Silicon-based ultra-broadband mid-IR and LWIR near-perfect metamaterial absorber

Abstract

Ultra-broadband metamaterial absorbers (UBMAs) that are compatible with CMOS technology for use in the mid-infrared and long-wave infrared regions are crucial for a variety of applications, including radiative cooling, thermal photovoltaic, and thermal imaging. In this regard, we propose, in this work, a design of an UBMA based on the heavily doped silicon (D-Si) and silicon carbide (SiC).

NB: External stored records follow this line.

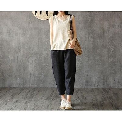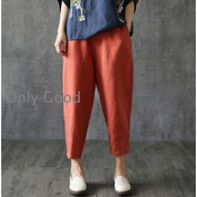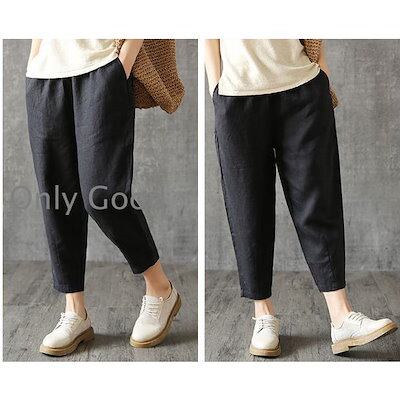 ボ パンツ ズボン レディース テーパードパンツ 七分 綿麻 綿 麻 無地 付き コットン ン カジュアル 夏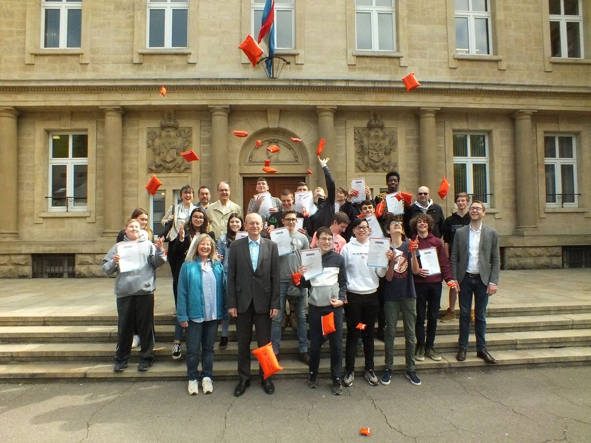 Diese Lehrgänge bietet die Privatschule seit über 25 Jahren regelmäßig ihren 15-jährigen Schülern an. Am Montag, dem 30. April 2019 würdigte Guillaume Schaack (responsable Service Ambulances de la Croix Rouge luxembourgeoise), den Einsatz der 6ème-Schüler, die in ihrer Freizeit an den Kursen teilgenommen haben und überreichte ihnen die Zertifikate.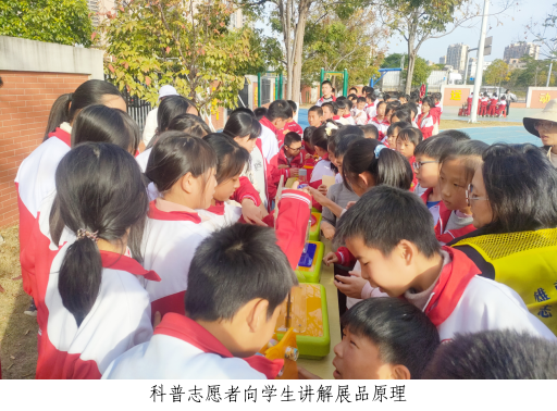 活动中,科普志愿者用浅显易懂的语言向学生讲解“虹吸现象”“五彩万花筒”“永动机神话”“磁与铁”“穿墙而过”“声波看得见”“沉浮子实验”等展品原理,并现场演示体验方法。现场气氛热烈,内容丰富多样,每个展台前都围满好奇的学生,他们在实践中感受科技的魅力,在互动中激发创新的火花。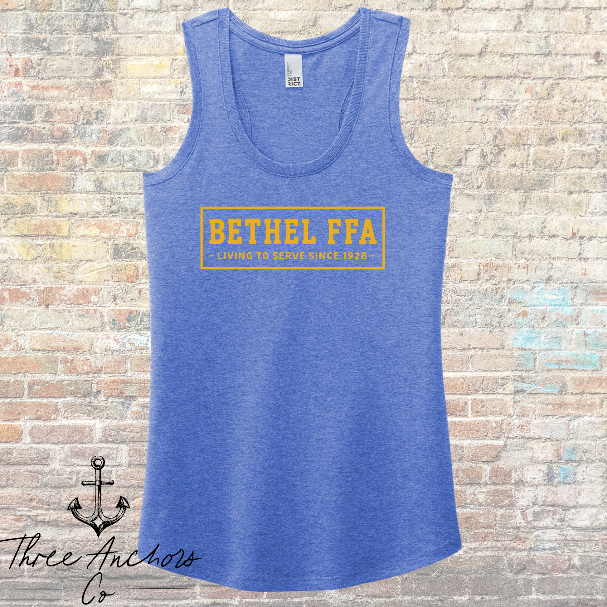 Choose from a racerback tank in cream or royal blue with Bethel FFA on the front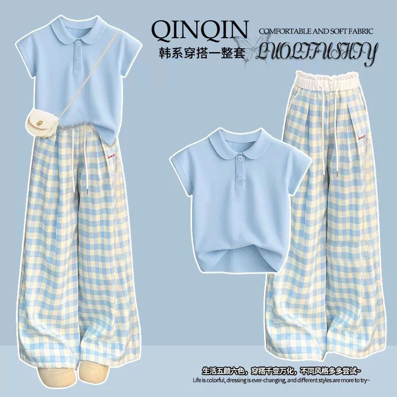 超火的女童纯棉t恤短袖2026新款巨好看夏装套装中大童装polo上衣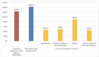 Esta cifra engloba los costes de la repetición en educación Primaria, ESO y Bachillerato (1.232,7 millones), el no aprovechamiento de recursos por fracaso escolar en ESO (1.426,2 millones) y por abandono temprano en Bachillerato (457,1 millones), Grado (899,4 millones), Grado Medio (492,6 millones) y Grado Superior (452,2 millones).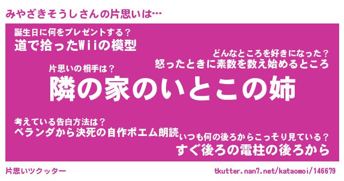 | 男性向けラノベタイトル風あだ名 | 『みやざきそうしの憂鬱』 |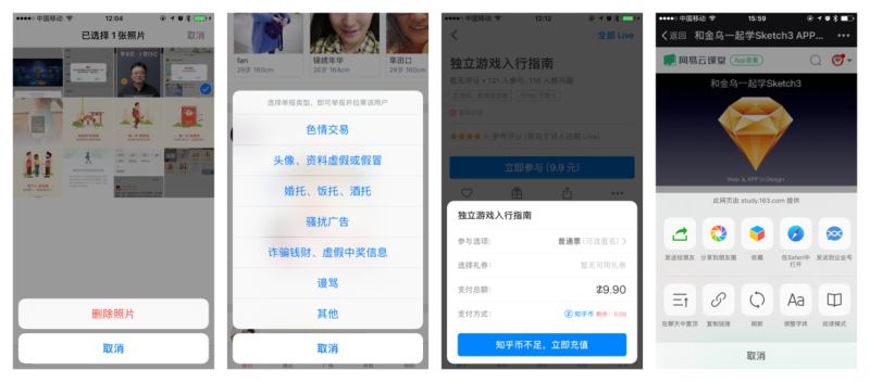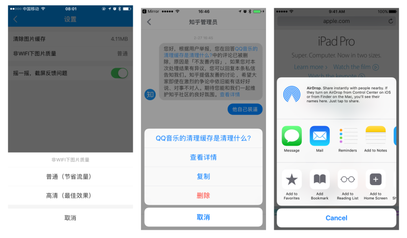 Action Sheet:重要程度弱于Alert時(shí),當(dāng)需要給用戶更多的功能選擇時(shí)使用Action Sheet。一般用戶主動(dòng)發(fā)起任務(wù)時(shí)用 Action Sheet。

The 3D finite-difference time-domain method is used, mainly, to numerically calculate the optical characteristics of the proposed UBMA. The absorber, which is made up of a periodic array of symmetrical multilayered square rings of D-Si and SiC, achieves high absorption with an average absorption of 95% over a wavelength range of 2.5–22 µm. This broad range of wavelength absorption is attained, encompassing the mid-, long-wave, and partial far-infrared regions. In addition to the materials' inherent absorption, the stimulation of magnetic polaritons, surface plasmon polaritons, localized surface plasmon resonance, and cavity resonance are responsible for the nearly perfect broadband absorption. Under normal incidence, the proposed UBMA is polarization-independent due to the symmetrical design of the absorber. Furthermore, the impact of the incidence angle on the absorption of transverse electric and transverse magnetic waves is examined.